I learned more than I realized. A fifth-grader doesn’t have the sophistication to read between the lines and figure out that “Mother” in Cheaper by the Dozen was essentially a simply drawn foil for the over-exuberant “Dad.” But, the charm of the book stuck with me and led me to investigate the actual lives and professions of Dr. and Mr. Gilbreth many years later.
Though, no, I’ve never been able to use a tesseract.
Now, I read a lot. I know, big secret. But, online social media being what it is, there are websites that will quantify that. I tend to track my reading through Goodreads, where you can track your books, list what you’ve read and when you’ve read it, and interact with friends online about what you read.
I try to read about a book a week. Call it fifty books a year. More than the average for an American, but I know several people who read more. That’s cool. I’m happy with how much I read.
Fifty books a year is a lot. Well, it looks like a lot until you look at what I’m reading. Some of it is Serious Literature, or Serious Non-fiction. That tends to be history, biography and cultural analysis, with a bit of self-help and motivational thrown in.
Otherwise? I read all over the place. Science fiction, fantasy, sentimental late 19th century stuff that probably had yellow covers when it came out, children’s literature, YA, classics, men’s adventure, horror, you name it.
With that experience, I find myself impatient with people who are necessarily proud of themselves for only being into Great Literature. Is there such a thing? God, yes. But it’s simpler than people think
Great Literature is Great Literature because a lot of people over a long period of time read it, loved it and took it to heart. Can we analyze why this is so? Again, God yes. Can we predict if something new will become such?
Not so much. It takes time. Harry Potter is a great example. People have loved it and it’s a phenomenon. Will people love it 100 years from now? Dunno. I would say I doubt it. A lot of its charm is the juxtaposition against late 20th century life. I could also be dead wrong. People still love Dickens, and a lot of his work requires an understanding of the times.
It’s about the love that people put into it over time that makes Great Literature. That’s my story and I’m sticking to it.
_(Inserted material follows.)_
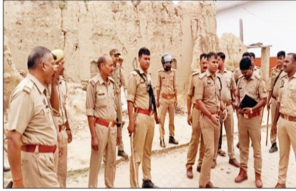
खूनी संघर्ष के बाद गांव में तैनात पुलिस फोर्स

Amazon has this new thing called “Immersion reading” for some of its books. The basic deal is if you buy a book, you have the option of buying an accompanying audiobook for a very small fee and then reading along with the book as it is narrated. The syncing mechanism will sync the narration with the text, so you can switch between audiobook and written word with ease.
Me? I like the concept but it’s more of a way to get cheap audiobooks than it is a different way to read a book. I read, quite literally, over ten times faster than people speak. To follow along in a book with a narration would be a serious irritant. I’m more likely to use it switching between listening and reading. Or would, if I didn’t download audiobooks and physically add them to an iPod that doesn’t use an Audible app, and won’t sync in any case. Listening to a book on my smartphone means a heavy device that has too little battery. I listen for hours at a time while I’m doing housework and stuff.
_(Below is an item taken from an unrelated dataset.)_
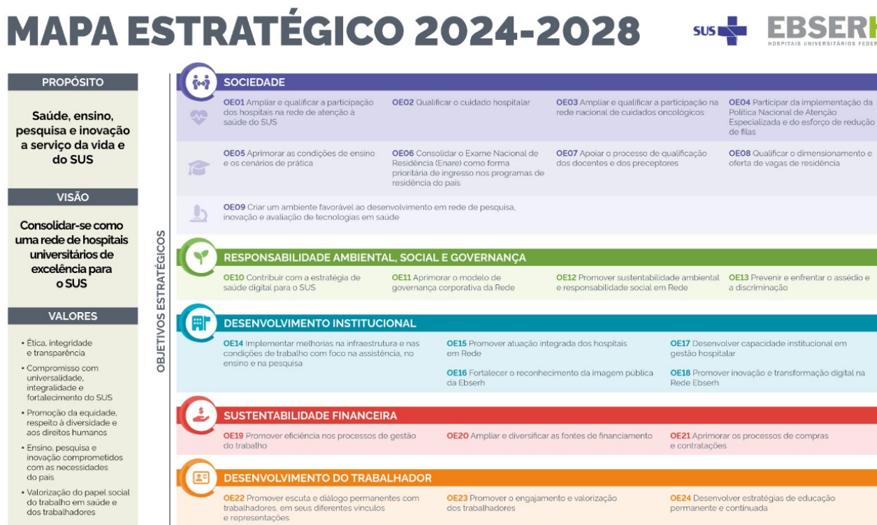
Figura 1. Mapa Estratégico da Rede Ebsersh 2024 – 2028

A Ebsersh, tendo por missão ensinar para transformar o cuidar, busca implementar as melhores práticas em todos os processos institucionais e, no campo da gestão de suprimentos, identificar e sanar deficiências, por vezes existentes, na cadeia de suprimentos em suas unidades hospitalares . Trabalhar de modo confiável, com base em modelos de previsão da necessidade de ressurgimento de produtos para saúde e medicamentos em uma unidade hospitalar, consiste em realizar estudos minuciosos e específicos, devido às incertezas que configuram o comportamento da demanda dos serviços oferecidos por um hospital. Nesse contexto, a elaboração da proposta de melhoria dos processos logístico-hospitalares visa otimizar os recursos existentes e minimizar os riscos à saúde do paciente.

I still like the concept. A book in French? It’d help immensely with my language comprehension. For someone trying to bring reading skills up to scratch (child or adult), it’s a great idea. But since it works on Kindle Fires and the smartphone apps, I’m dubious that it will be used much except among the affluent, and maybe I’m wrong, but I’m going to have to assume that most adults who can afford to buy this stuff read just fine.
Has anyone else tried this and what do you think of it?